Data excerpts

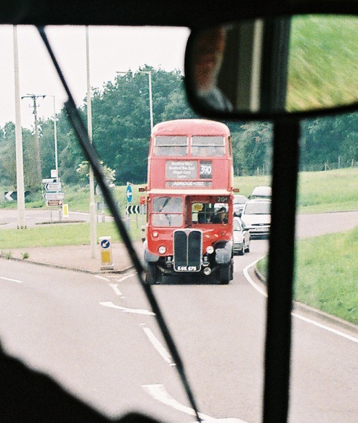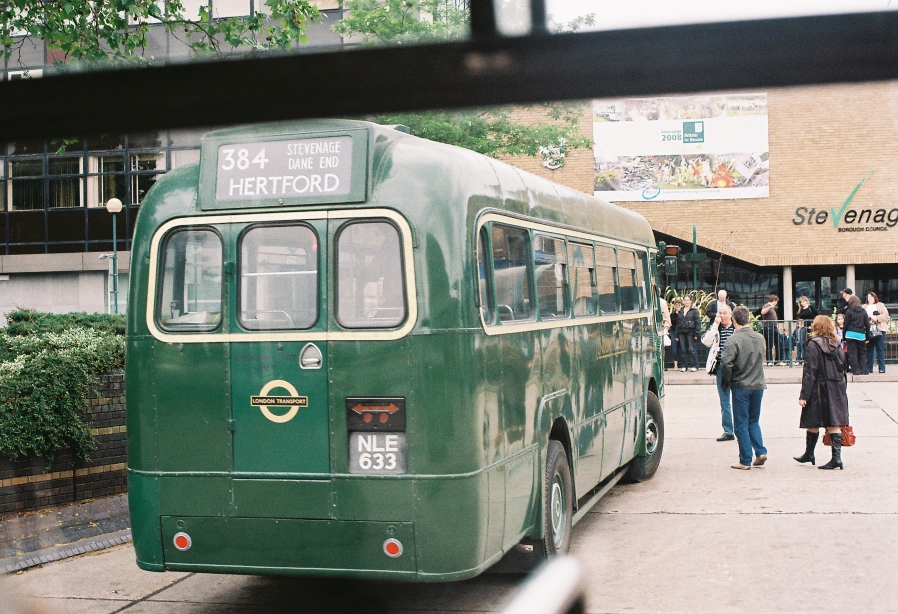 We reboarded and continued our drive down into Hertford. Cravens RT1499 hammered westwards as we skirted round the town, but a four by four put itself inconveniently in the way as I tried to grab a picture. I do lose some! But as we twisted round the chicanery into the bus station we met glass-house RF4, employed during the day on tours. Into the bus station, with just a minute to spare before I was due out again. There was RT113, proudly sporting its rear roofbox and nicely rounded bottom. (If you don't know what I mean, compare the bottom rear corner with a post-war RT.)
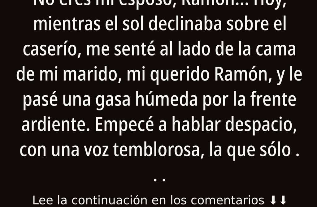 Hoy, mientras el sol declinaba sobre el caserío, me senté al lado de la cama de mi marido, mi querido Ramón, y le pasé una gasa húmeda por la frente ardiente. Empecé a hablar despacio, con una voz temblorosa, la que sólo sale de mi garganta cuando la vergüenza aprieta.
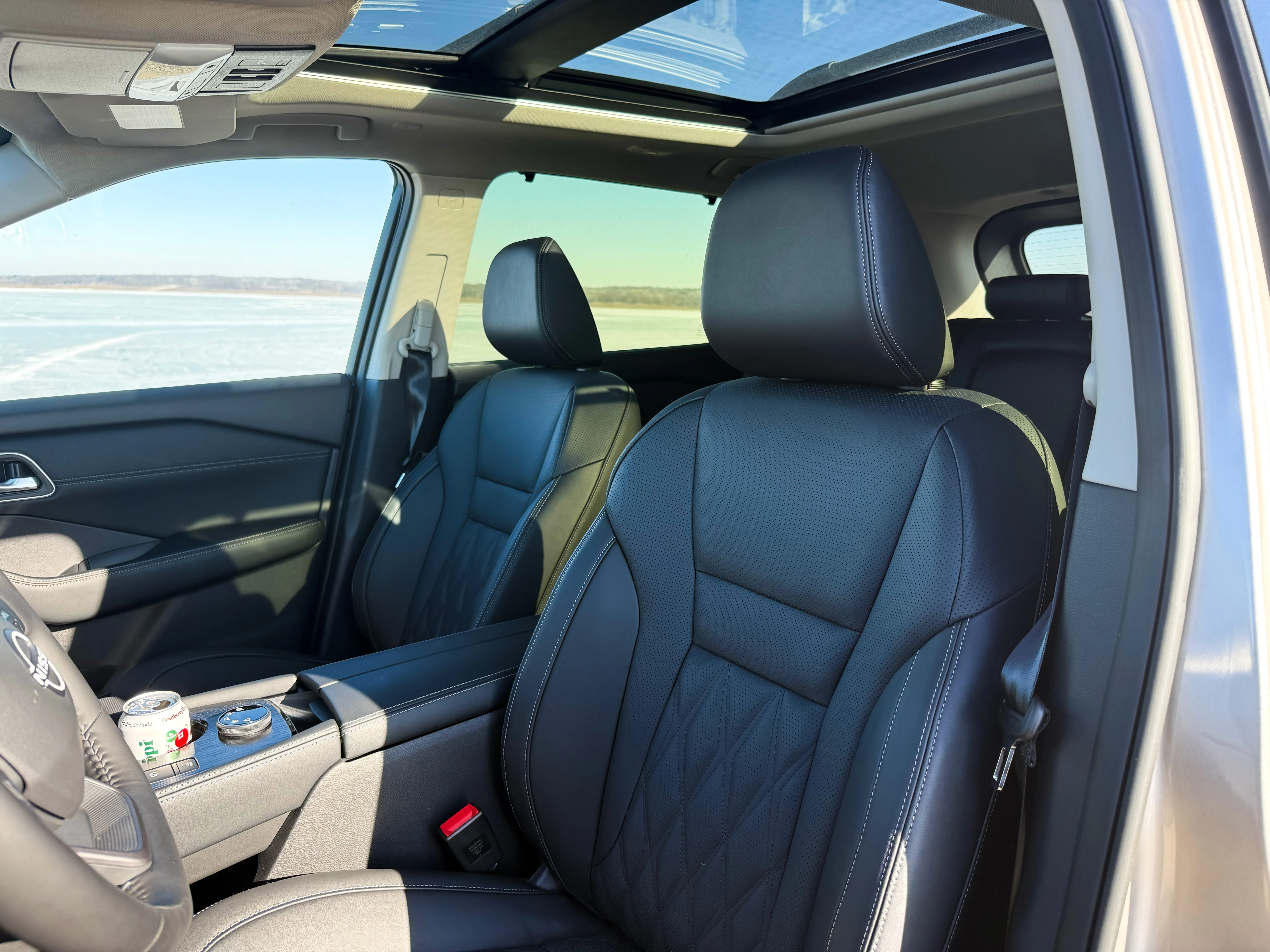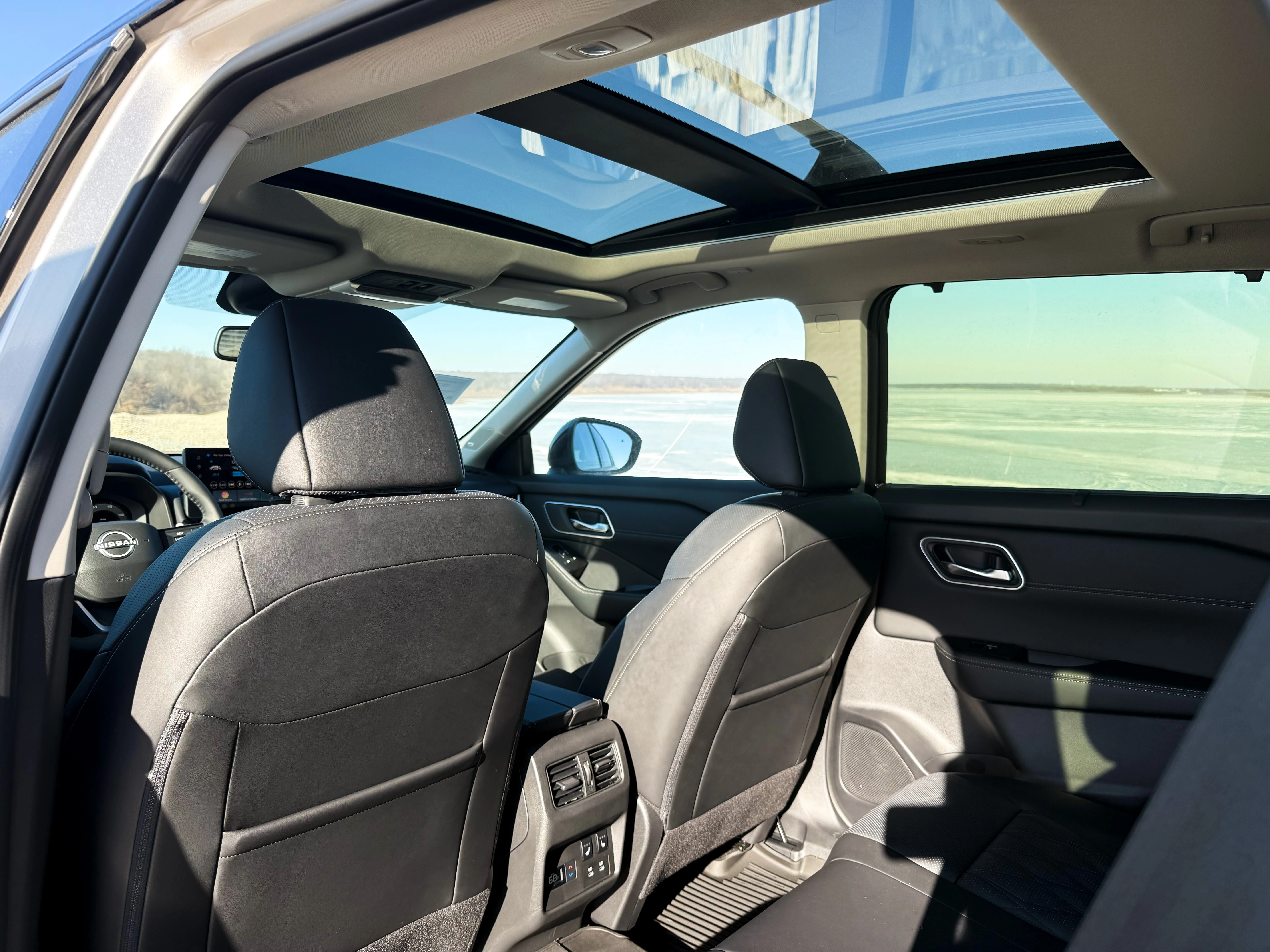 The cabin itself feels premium without trying too hard. Nissan redesigned the interior for 2026, and you notice it immediately, from the materials to the quietness on the highway. There’s also a huge panoramic sunroof, and even though it was a winter trip, it made daytime drives feel brighter and more open.
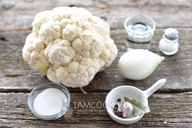 Продукты для приготовления маринованной цветной капусты на зиму без стерилизации подготовьте по списку. Лук и чеснок почистите, помойте под проточной водой вместе с цветной капустой.
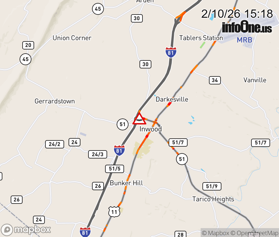 Vehicle Crash on WV-51 (4700 Gerrardstown Road). The eastbound road is closed. Updated: Tue 2/10/26 3:18 PM EST ![]() Updated: Tue 2/10/26 3:18 PM EST |
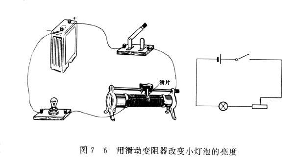 实验把一个叫做滑动变阻器的装置跟小灯泡一起串联在电路里,如图7-6所示.合上开关后,左右移动,同时观察小灯泡的亮度.

* Instructions for the task *
Here the job is to print all the entries above exactly, minus the images.

* The completed task *
 We reboarded and continued our drive down into Hertford. Cravens RT1499 hammered westwards as we skirted round the town, but a four by four put itself inconveniently in the way as I tried to grab a picture. I do lose some! But as we twisted round the chicanery into the bus station we met glass-house RF4, employed during the day on tours. Into the bus station, with just a minute to spare before I was due out again. There was RT113, proudly sporting its rear roofbox and nicely rounded bottom. (If you don't know what I mean, compare the bottom rear corner with a post-war RT.)
 Hoy, mientras el sol declinaba sobre el caserío, me senté al lado de la cama de mi marido, mi querido Ramón, y le pasé una gasa húmeda por la frente ardiente. Empecé a hablar despacio, con una voz temblorosa, la que sólo sale de mi garganta cuando la vergüenza aprieta.
 The cabin itself feels premium without trying too hard. Nissan redesigned the interior for 2026, and you notice it immediately, from the materials to the quietness on the highway. There’s also a huge panoramic sunroof, and even though it was a winter trip, it made daytime drives feel brighter and more open.
 Продукты для приготовления маринованной цветной капусты на зиму без стерилизации подготовьте по списку. Лук и чеснок почистите, помойте под проточной водой вместе с цветной капустой.
 Vehicle Crash on WV-51 (4700 Gerrardstown Road). The eastbound road is closed. Updated: Tue 2/10/26 3:18 PM EST ![]() Updated: Tue 2/10/26 3:18 PM EST |
 实验把一个叫做滑动变阻器的装置跟小灯泡一起串联在电路里,如图7-6所示.合上开关后,左右移动,同时观察小灯泡的亮度.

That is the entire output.